Thursday, October 20, 2016

A Conventional Notion I Disagree With


My Tuesday Garrison Center column was about the whole "how dangerous it is to claim the election is rigged" controversy (mainly by way of pointing out that Trump isn't the only one making that claim -- the Clinton campaign is preemptively setting up an "it was !Them Russians! what !STOLE! the election" argument -- and that it's hardly a new or novel claim anyway).

Now Trump has given the conventional wisdom something to double down on the whole idea with. Example, from Peter Beinart at The Atlantic:

At times during tonight's debate, Donald Trump seemed controlled, succinct, even prepared.

It didn't matter. In an instant, he lost the debate and blew his chance of using it to turn around his sinking campaign.

That instant came when Trump refused to say he would respect the outcome of next month's vote.

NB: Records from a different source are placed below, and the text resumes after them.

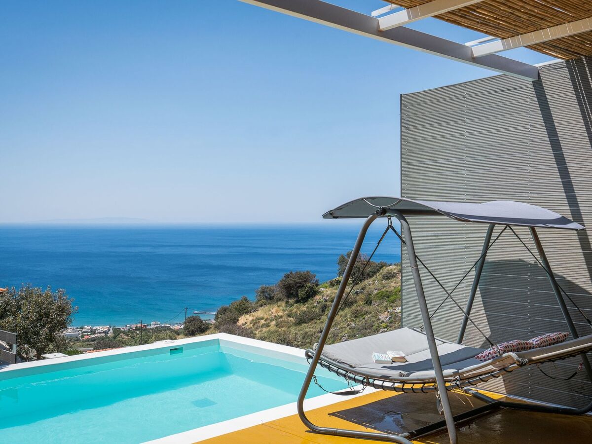 Outside on the pool terrace, the Mirthios Panorama Villa boasts spacious grounds built on levels with a private infinity pool overlooking the vast Libyan Pelagos beyond.
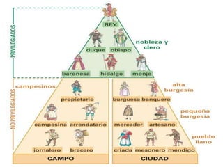 El documento presenta un resumen de contenidos del primer semestre que incluye una comparación entre la sociedad medieval y moderna, así como aspectos políticos, económicos, culturales y científicos de la Edad Media y la Edad Moderna. Un tema central es el absolutismo monárquico como régimen político de transición entre la Edad Media y la Edad Moderna en Europa Occidental, caracterizado por la concentración de todo el poder en manos de un monarca.
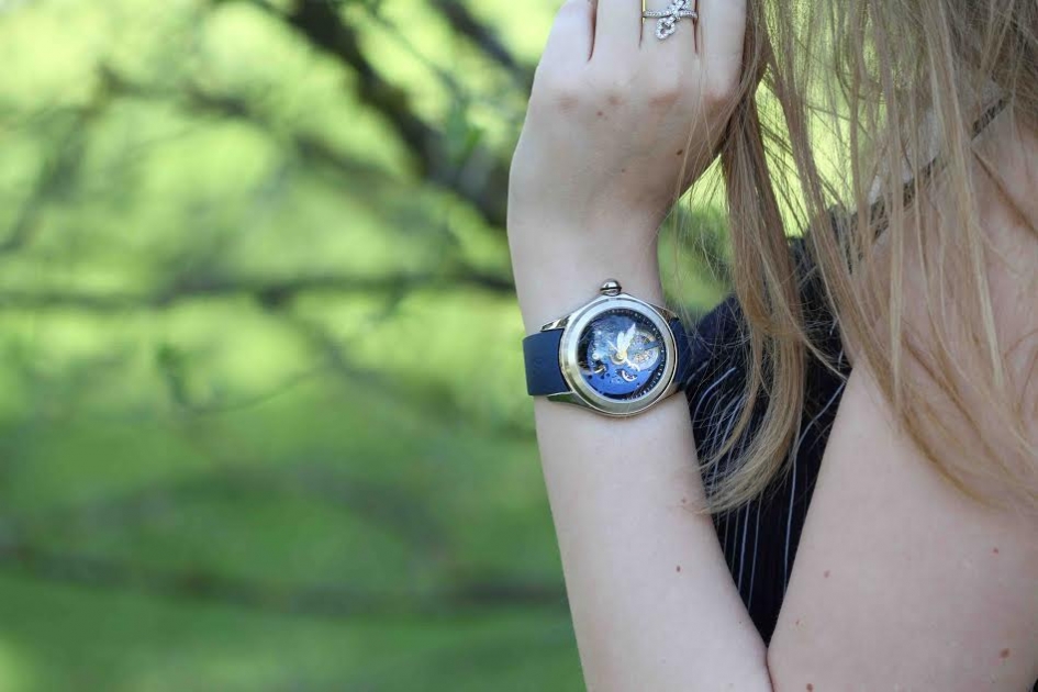 It is at the heart of this watch that the action unfolds. Equally complex and refined, the Bubble watch reveals all its inner workings via the dial, complete with endless structures.
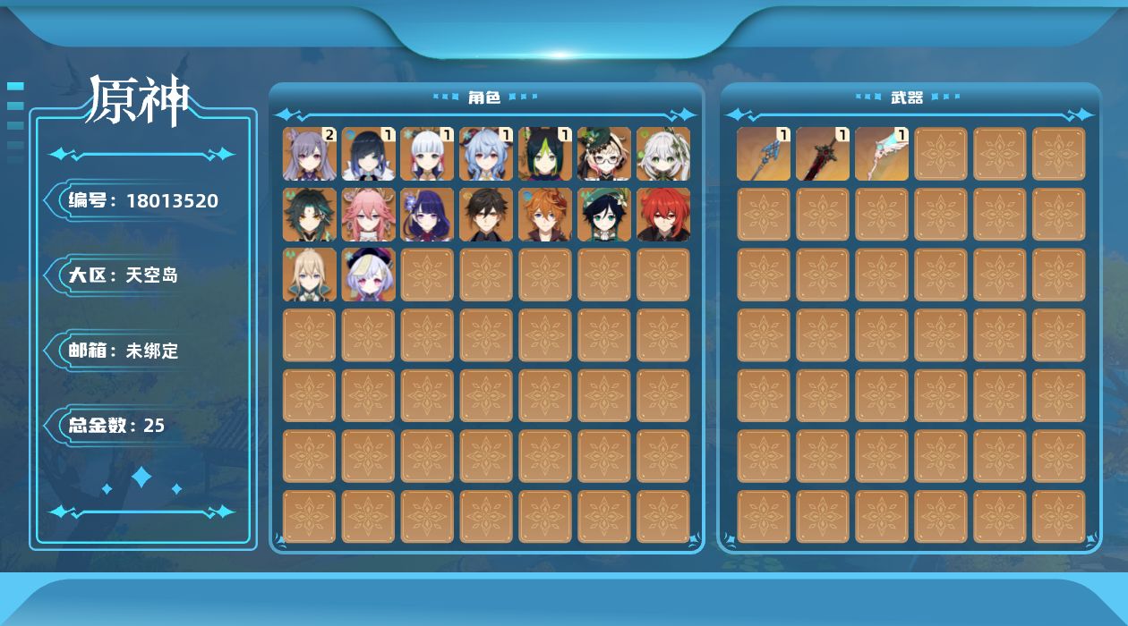 [18013520]57级/25黄/女主/16个五星角色/3个五星武器
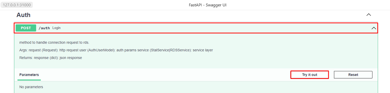 • в разделе «Auth» раскрыть POST-запрос /auth и нажать экранную кнопку [Try it out].
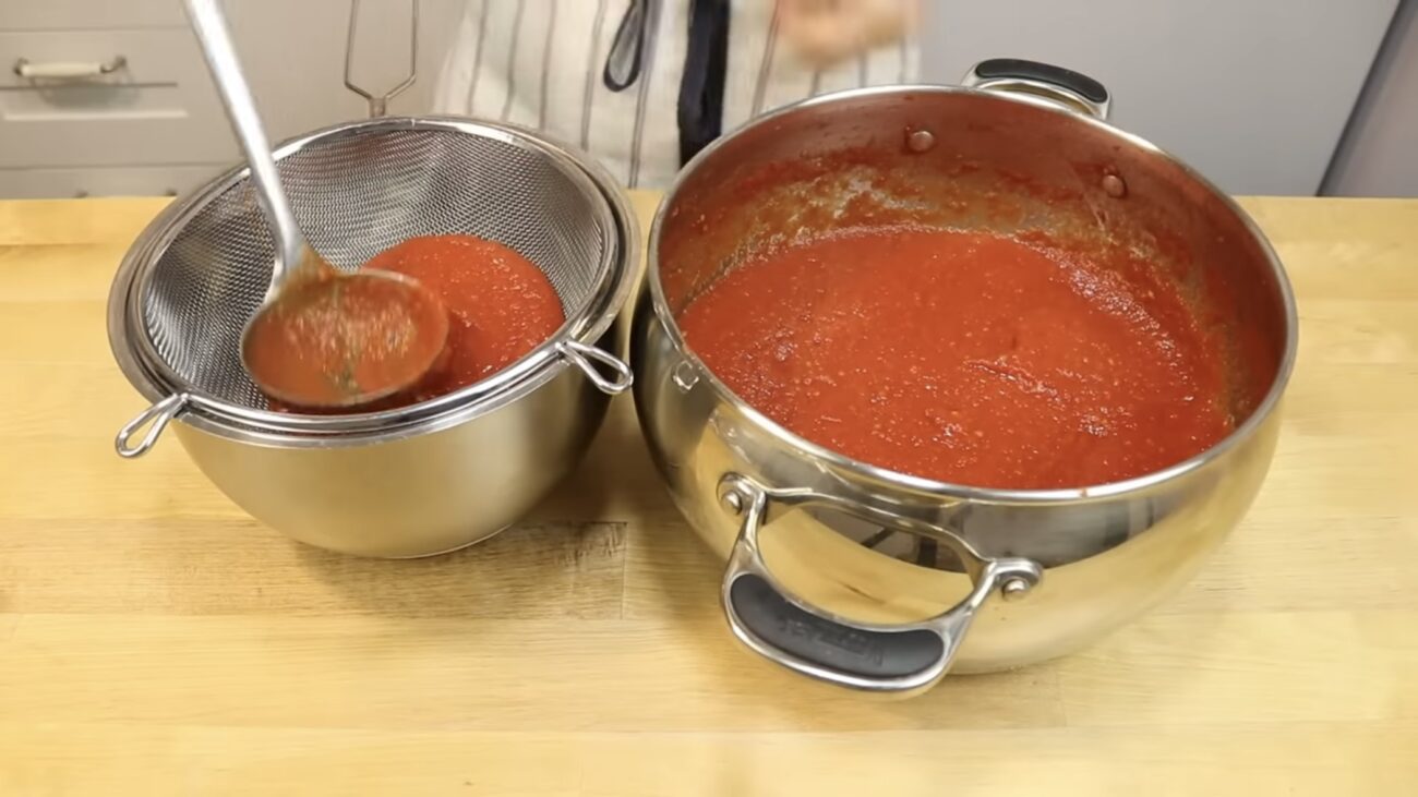 Після того, як овочі проварилися, перебийте масу блендером у однорідне пюре, найзручніше це робити погружним блендером. Далі обов’язково протріть пюре через сито, щоб прибрати шкірки і насіння.
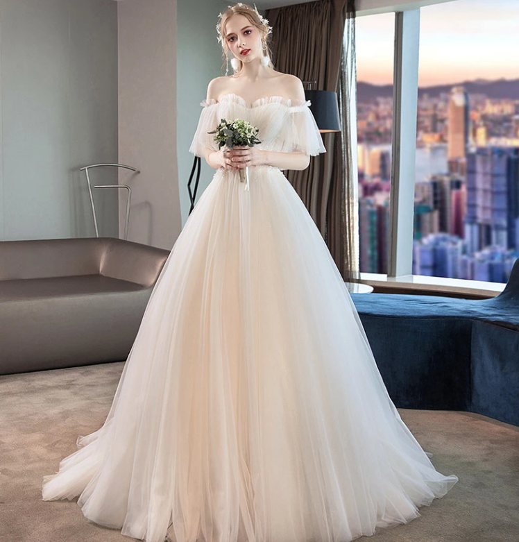 Lace wedding dress bride new word shoulder trailing white simple slim princess super fairy French court
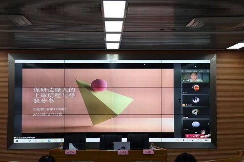 法律硕士的王迪同学以“不辞山路远,踏雪也相过——如何把握形势变化与及时调整心态”为主题,分享了她保研过程中遇到的问题与解决方法。她提出,在应对未知变化时,应提前做好准备;应时刻关注官方信息并及时理性做出选择;应准确认识自己并把握当前形势,及时调整心态和目标。
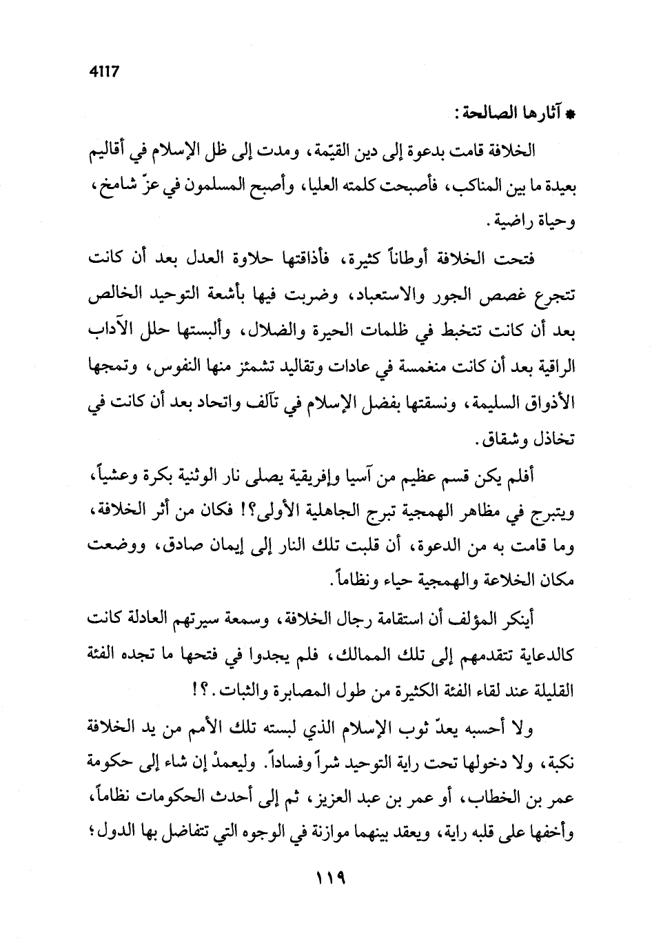 الخلافة قامت بدعوة إلى دين القيّمة، ومدت إلى ظل الإسلام في أقاليم بعيدة ما بين المناكب، فأصبحت كلمته العليا، وأصبح المسلمون في عزّ شامخ، وحياة راضية.
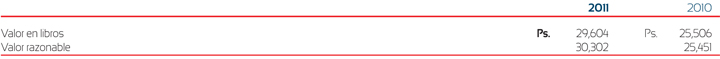 El valor razonable de los pasivos bancarios de largo plazo se determina con el valor de los flujos descontados. La tasa de descuento aplicada se estima utilizando las tasas actuales ofrecidas para deudas con montos y vencimientos similares. El valor razonable de los documentos por pagar se determina con base en los precios de cotización del mercado.

Beinart offers all kinds of reasons why that answer, especially if it becomes "the new normal," would be devastating to the system of rule commonly referred to as "American democracy." Then he claims again:

The good news is that Trump's answer will devastate him politically -- perhaps even more than the groping scandals. It will devastate him because the minute the debate ends, journalists will begin asking every Republican they can find whether they agree that he doesn't need to concede defeat. And many of those Republicans -- including the ones on Trump's own campaign -- will feed him to the wolves.

If I had a nickel for every time Republicans tried to feed Trump to the wolves and it turned out that he was just too tough to bleed from the bites, I'd have quite a few nickels.

My opinion:

Trump's base is composed of people who have believed for a long time that the whole game is rigged by e.g. "the liberal media," and who are glad to hear Trump saying out loud on a real stage what they've been thinking and muttering among themselves for years, and who will not only not abandon him but are even more likely to get off their asses and go vote in November because they heard him say it last night. They want a candidate who will refuse to concede a defeat they don't believe he can legitimately suffer.

I will be reconsidering my presidential election prediction (that Trump will carry every state Mitt Romney carried in 2012, plus Michigan, Ohio, Pennsylvania and Florida) and modifying or confirming that prediction some time between now and Election Day. Part of my model is this: I predict Trump to win pretty much any and every state where he is polling within 5 points of Clinton when I finalize my prediction. His voters are more motivated to actually turn out, but many of them are less motivated to admit, even to pollsters, that he's their guy.